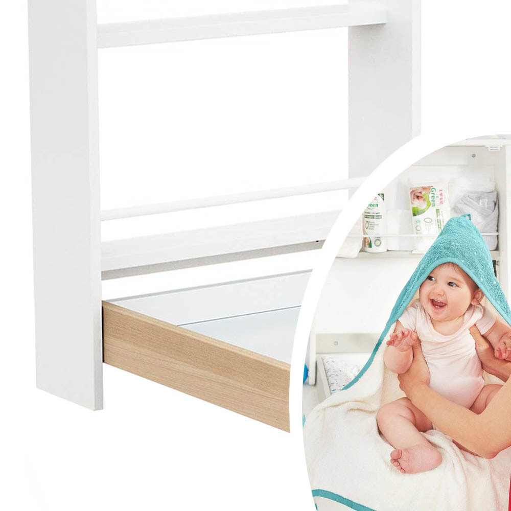 A pelenkázó a szoba bármely részére felszerelhető, így a magasságát saját igényeid szerint állíthatod be, hogy kényelmes és ergonomikus legyen a baba gondozása során. A stabil és erős szerkezet biztosítja a biztonságos használatot, akár napi többszöri pelenkázás esetén is.
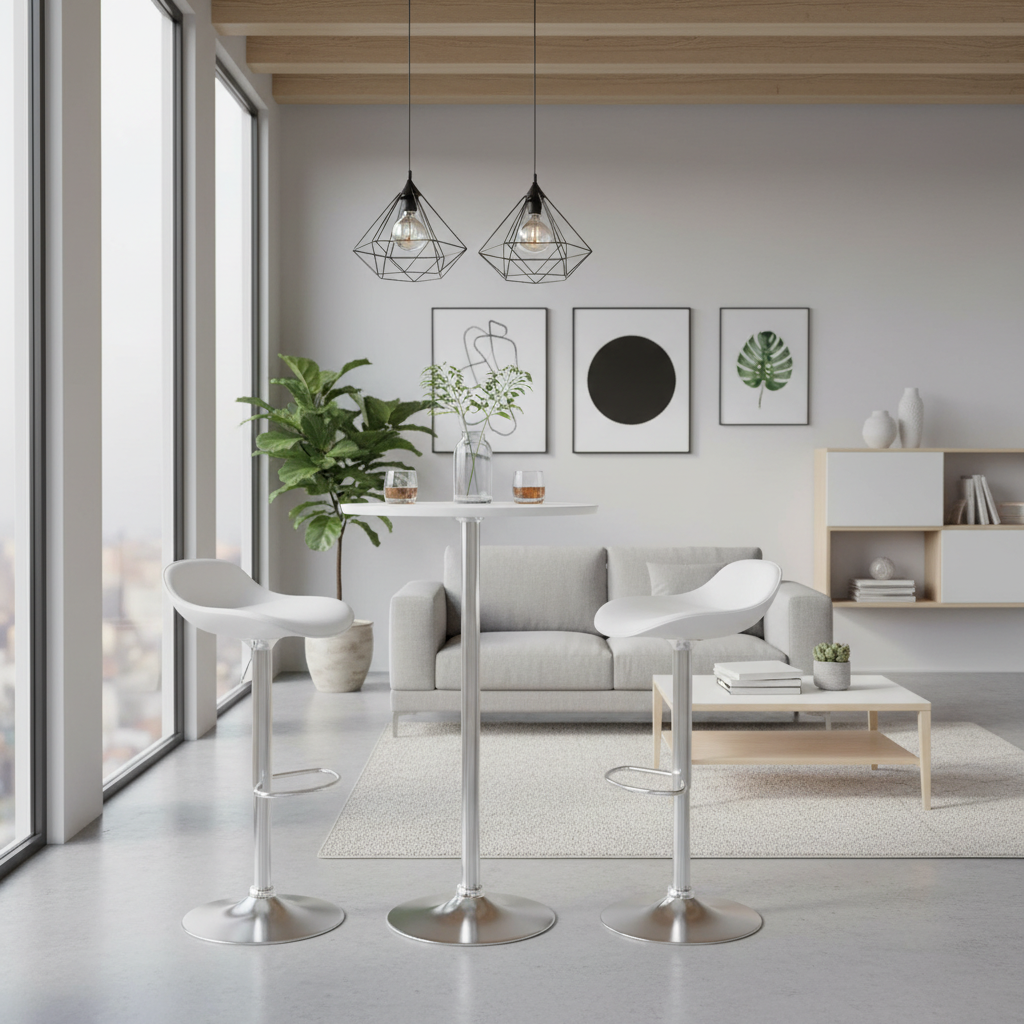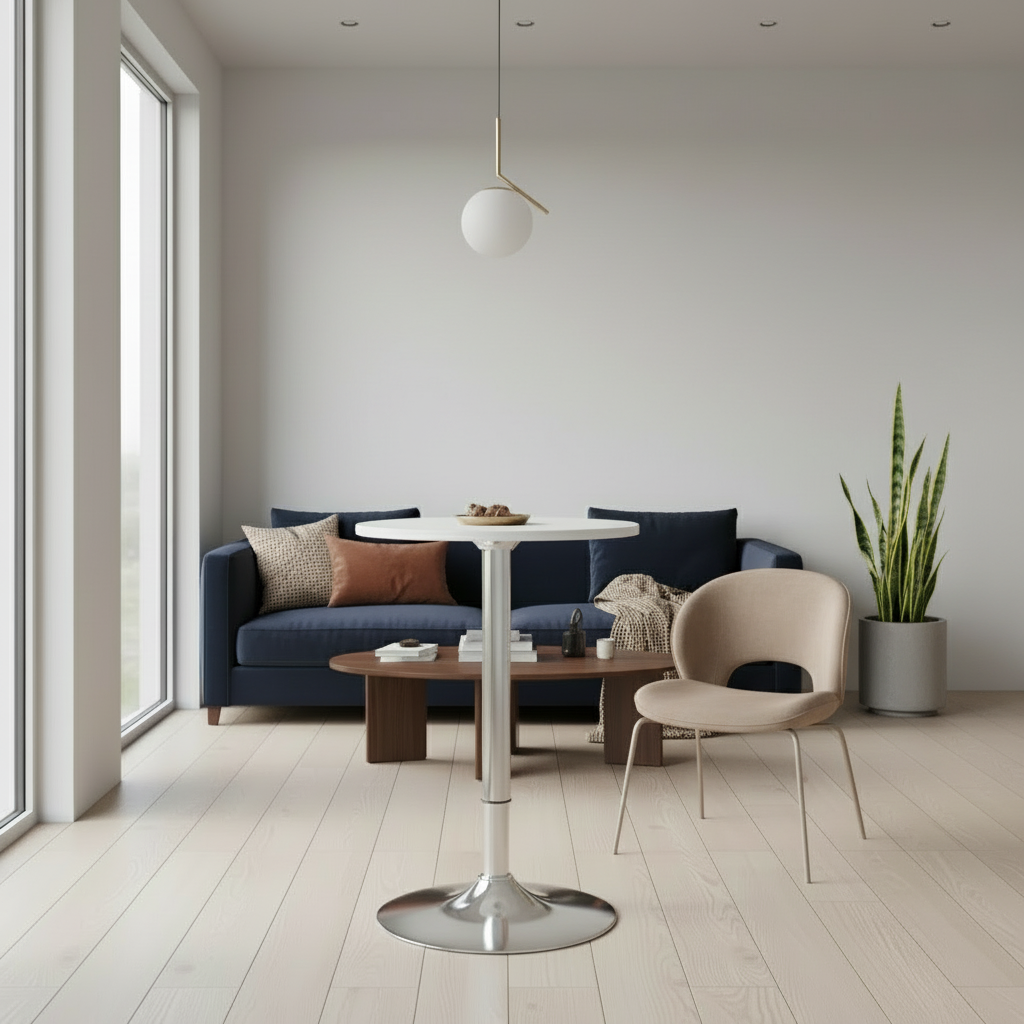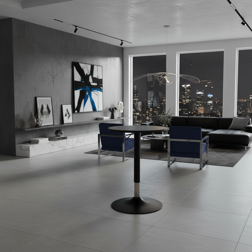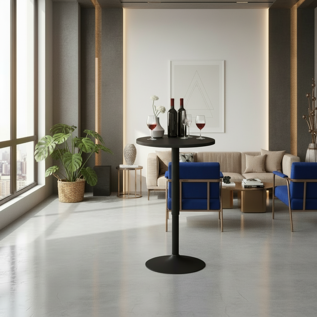 Of je de tafel nu plaatst in de woonkamer, keuken, balkon, thuiskantoor, als mini bar of een ontvangstruimte. Het zorgt voor een moderne en eigentijdse look. De ronde vorm houdt de ruimte open, terwijl het strakke design zich makkelijk laat combineren met allerlei soorten barkrukken en meubelstijlen.
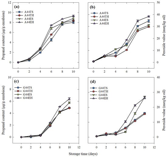 Oxidative stability of the emulsions over 10 days of storage at 45 °C. The graphs are organized to display differences between main plots (polysaccharide type, rows) and the influence of the split-plot (processing type, columns). (a) Propanal content of egg yolk/fish oil triglycerides (T) or ethyl esters (E) emulsions containing gum arabic (A) after primary (S) or secondary (H) homogenization. (b) Peroxide value of egg yolk/fish oil triglycerides or ethyl esters emulsions containing gum arabic after primary or secondary homogenization. (c) Propanal content of egg yolk/fish oil triglycerides or ethyl esters emulsions containing gum guar (G) after primary or secondary homogenization. (d) Peroxide value of egg yolk/fish oil triglycerides or ethyl esters emulsions containing gum guar after primary or secondary homogenization. Each data point corresponds to the mean ± standard error of three replications.
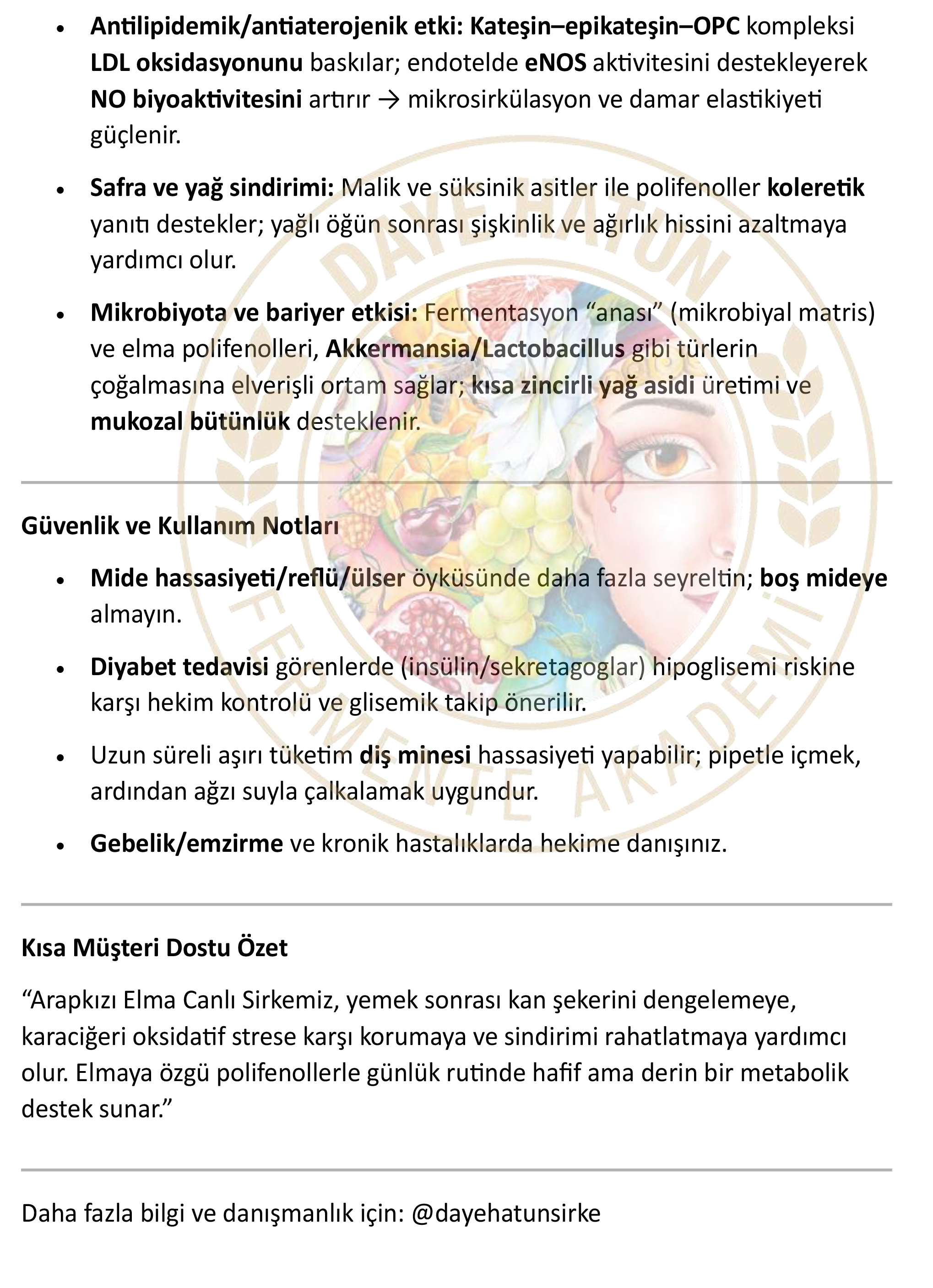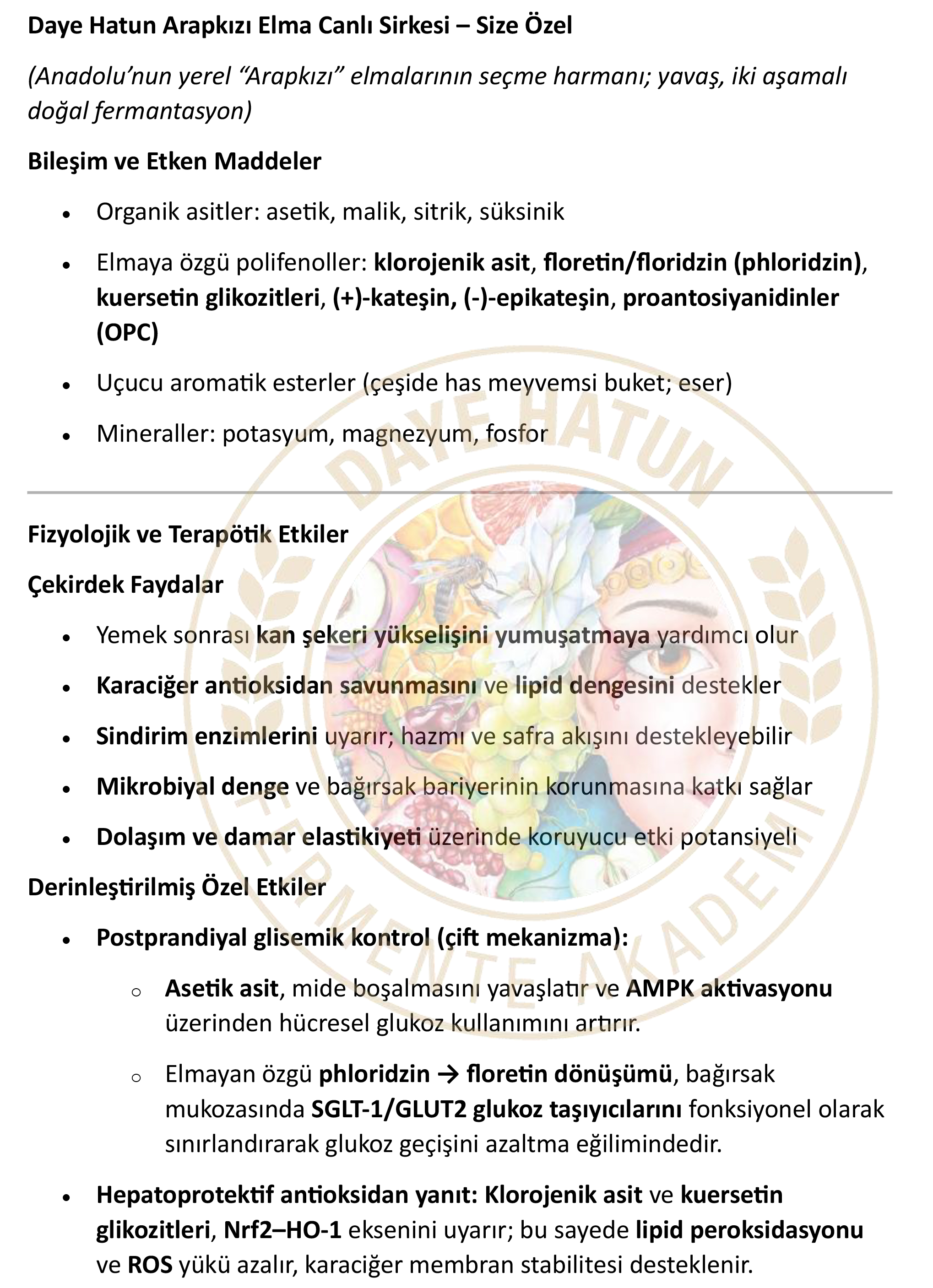 Üründen bağımsız olarak standardına uygun fermente edilmiş canlı sirkelerin çok çeşitli sağlık yararları olduğu bilimsel çalışmalarla ispatlanmış durumdadır. Bu temel faydaların yanında yapıldığı ürüne göre de farklı şifalarının tespitleri konusunda araştırmalar halen sürmektedir, Daye Hatun sirkeleri de “canlı sirke” olduğu için tüm bu faydaları ve çok daha fazlasını bünyesinde barındırmaktadır.

■ ■ ■

What is expected:
What is needed is the exact run of lines from the start of the data through the line with "Of je de tafel", both ends included, minus the pictures.

Written solution:
 A pelenkázó a szoba bármely részére felszerelhető, így a magasságát saját igényeid szerint állíthatod be, hogy kényelmes és ergonomikus legyen a baba gondozása során. A stabil és erős szerkezet biztosítja a biztonságos használatot, akár napi többszöri pelenkázás esetén is.
 Of je de tafel nu plaatst in de woonkamer, keuken, balkon, thuiskantoor, als mini bar of een ontvangstruimte. Het zorgt voor een moderne en eigentijdse look. De ronde vorm houdt de ruimte open, terwijl het strakke design zich makkelijk laat combineren met allerlei soorten barkrukken en meubelstijlen.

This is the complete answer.